Doch ist ein andrer wirklich besser,
werd ich da auch nur ausgefragt?

CHORUS

Wie schütz ich mich vor deinen Augen,
was tust du, wenn ich von dir geh.
Lässt du mich ziehen einfach so?
Denkst du dann niemals mehr an mich,
oder beobachtest mich weiter
und ich weiß es einfach nicht.

Was wär, wenn ich dir nicht mehr schreibe,
nicht mehr reden würd mit dir?
Macht mich das nicht sehr verdächtig,
bin ich dann erstrecht dein Ziel?

Ich kenn dich gar nicht, oder doch
Bist du Freund oder ein Feind,
oder beides vereint.
Es scheint so frei waren wir noch nie,
ist das nur ne Strategie.
Siehst du was hier geschieht ?
Brot und Spiele für die Welt
geht’s denn nur noch um Geld?

Soll ich gehen, soll ich bleiben,
ich frag mich, was muss noch geschehen?

 
Wettbewerbstitel #3

Der Tanz (Valse brillante – Hermann Hesse)

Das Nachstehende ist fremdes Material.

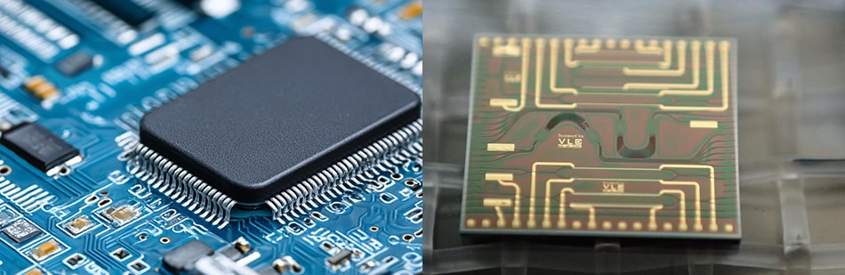 光集積回路(フォトニック集積回路:PIC)とは、光を処理するさまざまな機能を一つのチップ上に集積したものです。チップは大きなもので数センチ角から小さなものでは1ミリを下回り、その上にレーザー、フォトダイオード、変調器といった部品が最大で1万個、マイクロメートルレベル(※)の間隔で配置されています。

Ein Tanz von Chopin lärmt im Saal,
Ein wilder, zügelloser Tanz.
Die Fenster leuchten wetterfahl,
Den Flügel ziert ein welker Kranz.
(Text: Hermann Hesse)

Zwei Seelen treffen sich, banal,
Zwei Herzen fordern sich zum Tanz.
Vom hohen Berg hinab ins Tal,
Mit einem ganz bestimmten Glanz.
(Text: Linda Ka)

CHORUS:
Du und ich für jetzt vereint
Ein Lied lang sind wir nur zu zweit
Wir tanzen, lassen Zeit und Raum
Doch leider bleibt es nur ein Traum
(Text: Linda Ka)

Den Flügel du, die Geige ich
So spielen wir und enden nicht.
Und warten angstvoll, du und ich
Wer wohl zuerst den Zauber bricht.
(Text: Hermann Hesse)

Im Geiste spielst du nur für mich,
Um dich herum ein helles Licht.
Ich spiel für dich und du für mich,
Auch wenn hier niemand drüber spricht.
(Text: Linda Ka)

CHORUS

Wer wohl zuerst einhält im Takt
Und von sich weg die Lichter schiebt.
Und wer zuerst die Frage sagt,
Auf die es keine Antwort gibt.
(Text: Hermann Hesse)

Zwei Herzen tanzen wohl im Takt,
Bald endet unser Liebeslied.
Wir gehen weiter, niemand fragt,
Warum die Liebe hier nicht siegt…
(Text: Linda Ka)

CHORUS

Den Flügel du, die Geige ich
So spielen wir und enden nicht…(Text: Hermann Hesse)

Worte

Linda Ka beschert mit ausgesuchten Texten „stürmische Zeiten“.

Sie verfügt über eine klassische Gesangsausbildung und ihr Umfeld bescheinigt ihr eine starke Stimme. Linda Ka, zuletzt Frontfrau einer Rockband, schlägt nun leisere Töne an.
Im Sommer 2011 begann die 35-Jährige eigene Songs zu schreiben. Zehn starke Songs sind im Debüt-Album „stürmische Zeiten“ zu hören. Egal ob es die Gedanken während der U-Bahnfahrt sind, oder die Liebeserklärung an Frankfurt am Main und seine Silouette. „Bereit“ zählt zu den wortgewaltigen, schönsten Liebeserklärungen, die man einem Menschen nur machen kann. In „Goldrausch“ setzt sich Linda mit der Bankenkrise auseinander. All das zusammen ergeben stürmische Zeiten.